(Data records)
________

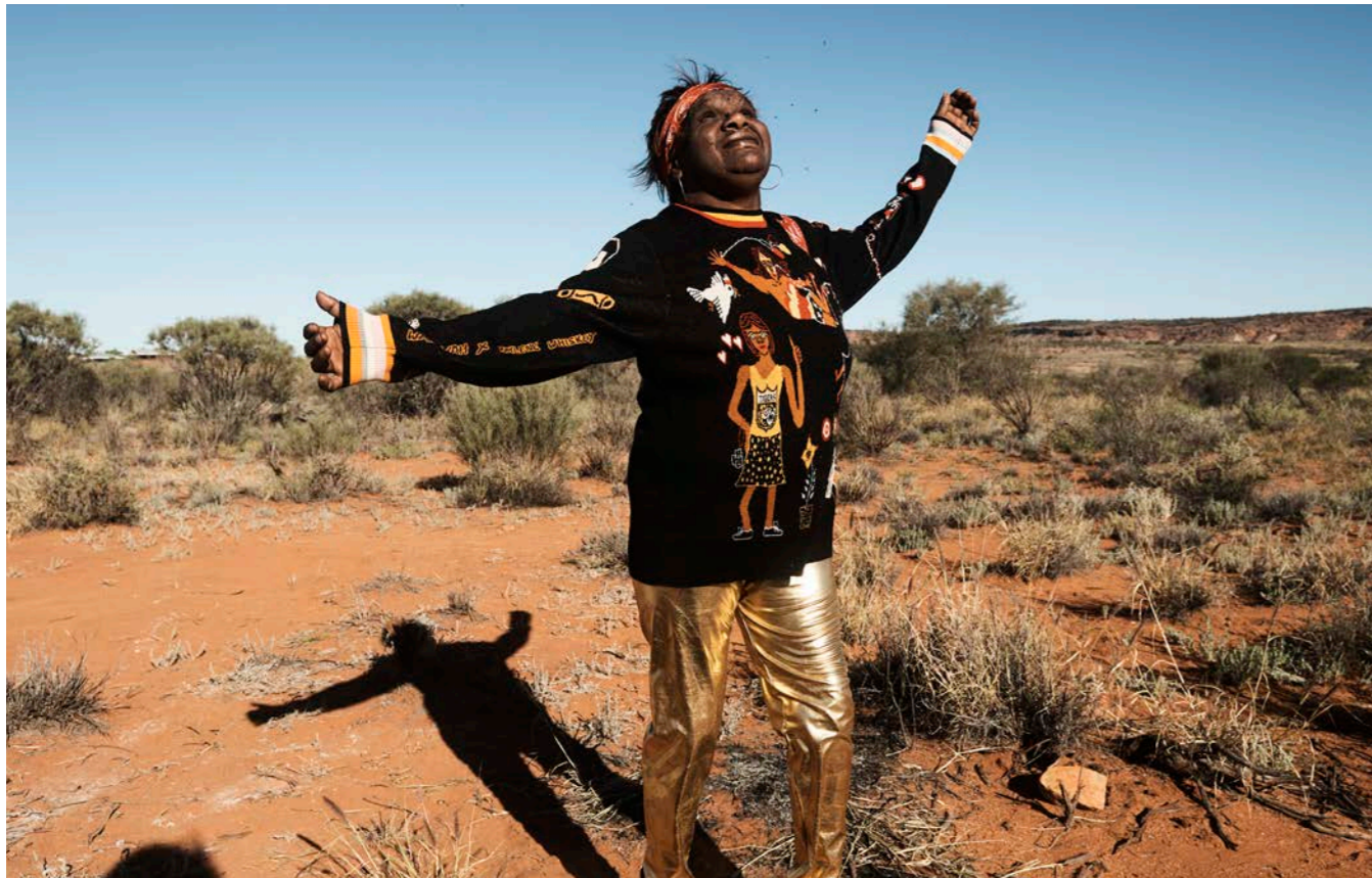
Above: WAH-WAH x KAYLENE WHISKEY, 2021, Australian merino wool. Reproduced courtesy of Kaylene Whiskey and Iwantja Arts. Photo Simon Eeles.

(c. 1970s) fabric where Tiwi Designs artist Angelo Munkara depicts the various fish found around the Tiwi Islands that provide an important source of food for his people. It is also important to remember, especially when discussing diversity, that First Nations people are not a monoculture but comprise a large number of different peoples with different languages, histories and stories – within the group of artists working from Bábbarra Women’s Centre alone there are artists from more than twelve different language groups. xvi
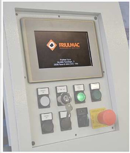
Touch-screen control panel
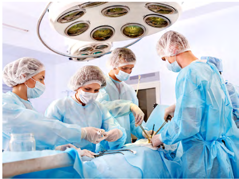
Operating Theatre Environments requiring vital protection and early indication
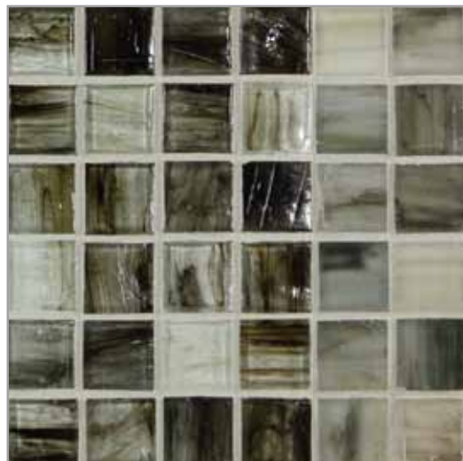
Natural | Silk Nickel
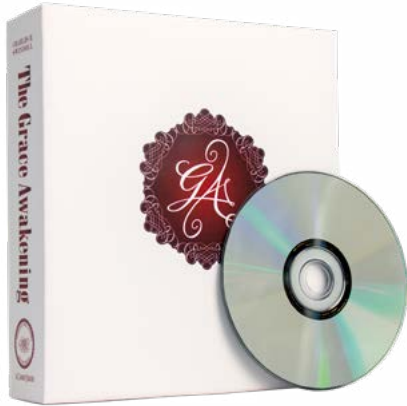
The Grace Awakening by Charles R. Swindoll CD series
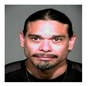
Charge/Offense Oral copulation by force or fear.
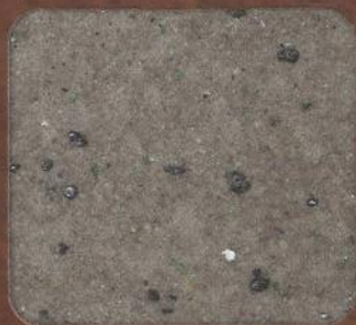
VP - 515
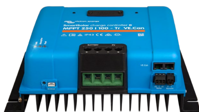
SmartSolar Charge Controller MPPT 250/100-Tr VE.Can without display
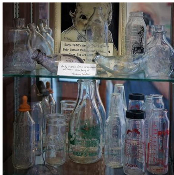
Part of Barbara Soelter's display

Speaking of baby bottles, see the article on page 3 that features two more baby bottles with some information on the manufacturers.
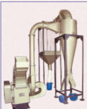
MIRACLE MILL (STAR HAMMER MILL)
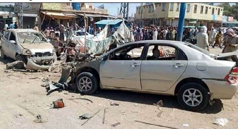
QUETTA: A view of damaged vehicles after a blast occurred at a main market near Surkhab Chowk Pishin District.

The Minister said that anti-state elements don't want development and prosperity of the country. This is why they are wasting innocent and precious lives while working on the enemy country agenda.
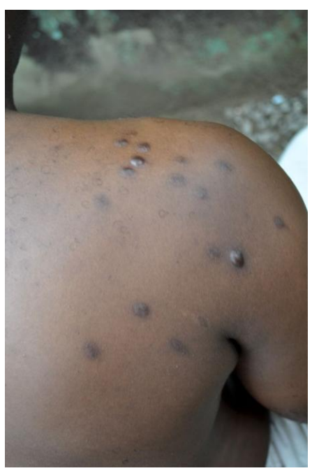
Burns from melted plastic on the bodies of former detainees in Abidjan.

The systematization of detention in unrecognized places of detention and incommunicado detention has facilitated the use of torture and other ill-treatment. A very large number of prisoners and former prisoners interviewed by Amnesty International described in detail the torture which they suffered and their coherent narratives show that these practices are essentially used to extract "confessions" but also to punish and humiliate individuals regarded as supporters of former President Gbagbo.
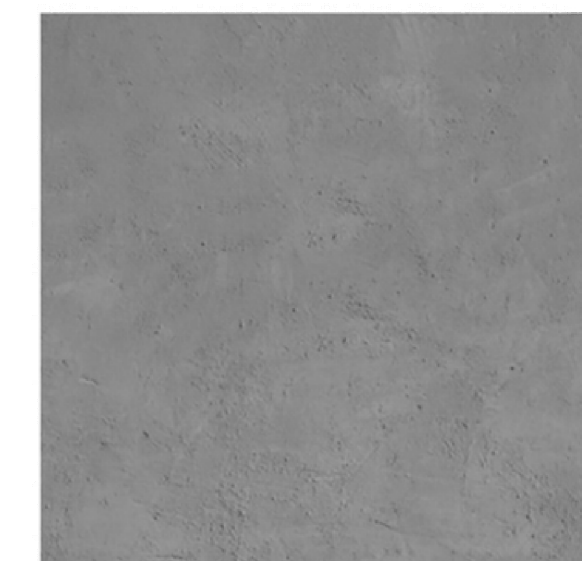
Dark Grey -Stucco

________

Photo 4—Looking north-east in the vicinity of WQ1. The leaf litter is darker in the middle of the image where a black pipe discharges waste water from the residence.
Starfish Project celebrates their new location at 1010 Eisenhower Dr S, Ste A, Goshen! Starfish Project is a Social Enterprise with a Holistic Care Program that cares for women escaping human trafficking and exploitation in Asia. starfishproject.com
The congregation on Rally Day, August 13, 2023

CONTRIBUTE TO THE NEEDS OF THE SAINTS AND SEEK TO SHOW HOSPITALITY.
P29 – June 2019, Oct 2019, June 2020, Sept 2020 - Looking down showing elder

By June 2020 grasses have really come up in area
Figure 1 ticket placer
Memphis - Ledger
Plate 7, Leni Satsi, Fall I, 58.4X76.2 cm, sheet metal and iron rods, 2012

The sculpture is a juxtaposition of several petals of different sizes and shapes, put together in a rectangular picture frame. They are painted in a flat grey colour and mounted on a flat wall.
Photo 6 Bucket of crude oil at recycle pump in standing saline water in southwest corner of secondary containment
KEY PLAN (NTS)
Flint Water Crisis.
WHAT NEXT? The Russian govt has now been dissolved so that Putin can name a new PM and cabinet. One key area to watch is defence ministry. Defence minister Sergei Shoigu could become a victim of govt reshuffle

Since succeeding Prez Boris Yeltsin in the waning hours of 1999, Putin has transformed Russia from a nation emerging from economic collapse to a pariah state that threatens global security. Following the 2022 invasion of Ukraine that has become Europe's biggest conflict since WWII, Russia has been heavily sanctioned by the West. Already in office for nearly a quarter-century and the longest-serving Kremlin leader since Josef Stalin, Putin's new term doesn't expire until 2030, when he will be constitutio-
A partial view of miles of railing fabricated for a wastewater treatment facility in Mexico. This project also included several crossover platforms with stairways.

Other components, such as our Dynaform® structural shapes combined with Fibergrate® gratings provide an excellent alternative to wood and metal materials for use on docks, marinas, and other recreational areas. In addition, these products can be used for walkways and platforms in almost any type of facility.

________

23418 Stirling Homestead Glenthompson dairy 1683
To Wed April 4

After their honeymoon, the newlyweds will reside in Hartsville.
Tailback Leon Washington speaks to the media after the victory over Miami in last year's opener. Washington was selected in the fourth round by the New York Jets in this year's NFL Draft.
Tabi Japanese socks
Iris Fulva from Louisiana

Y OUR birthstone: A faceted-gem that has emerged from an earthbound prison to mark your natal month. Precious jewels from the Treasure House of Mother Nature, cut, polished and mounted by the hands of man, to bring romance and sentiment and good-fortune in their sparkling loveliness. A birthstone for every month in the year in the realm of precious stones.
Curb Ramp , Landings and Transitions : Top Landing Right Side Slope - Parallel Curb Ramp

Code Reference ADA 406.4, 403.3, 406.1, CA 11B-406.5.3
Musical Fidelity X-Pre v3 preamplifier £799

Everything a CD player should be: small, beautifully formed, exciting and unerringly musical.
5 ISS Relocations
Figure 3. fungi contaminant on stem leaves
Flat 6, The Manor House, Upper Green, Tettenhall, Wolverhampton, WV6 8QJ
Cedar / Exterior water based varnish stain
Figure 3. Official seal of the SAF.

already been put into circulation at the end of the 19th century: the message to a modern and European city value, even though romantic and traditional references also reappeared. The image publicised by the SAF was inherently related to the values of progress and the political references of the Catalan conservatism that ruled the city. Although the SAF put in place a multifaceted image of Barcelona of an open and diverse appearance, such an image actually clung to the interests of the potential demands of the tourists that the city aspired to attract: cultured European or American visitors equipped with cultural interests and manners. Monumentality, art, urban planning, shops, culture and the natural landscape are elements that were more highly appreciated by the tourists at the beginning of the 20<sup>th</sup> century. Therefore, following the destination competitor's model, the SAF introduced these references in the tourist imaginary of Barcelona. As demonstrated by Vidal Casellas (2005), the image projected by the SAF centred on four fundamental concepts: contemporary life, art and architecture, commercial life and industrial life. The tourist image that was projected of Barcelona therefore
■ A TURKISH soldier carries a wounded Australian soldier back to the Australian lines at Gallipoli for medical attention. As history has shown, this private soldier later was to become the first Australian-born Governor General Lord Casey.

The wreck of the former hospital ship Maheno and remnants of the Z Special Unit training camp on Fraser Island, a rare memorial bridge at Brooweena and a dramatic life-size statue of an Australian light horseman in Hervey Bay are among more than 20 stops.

________

HOW TO COMPLETE THIS TASK — Collect the lines of the records that include the string "facility".

SOLUTION BELOW —
A partial view of miles of railing fabricated for a wastewater treatment facility in Mexico. This project also included several crossover platforms with stairways.
Other components, such as our Dynaform® structural shapes combined with Fibergrate® gratings provide an excellent alternative to wood and metal materials for use on docks, marinas, and other recreational areas. In addition, these products can be used for walkways and platforms in almost any type of facility.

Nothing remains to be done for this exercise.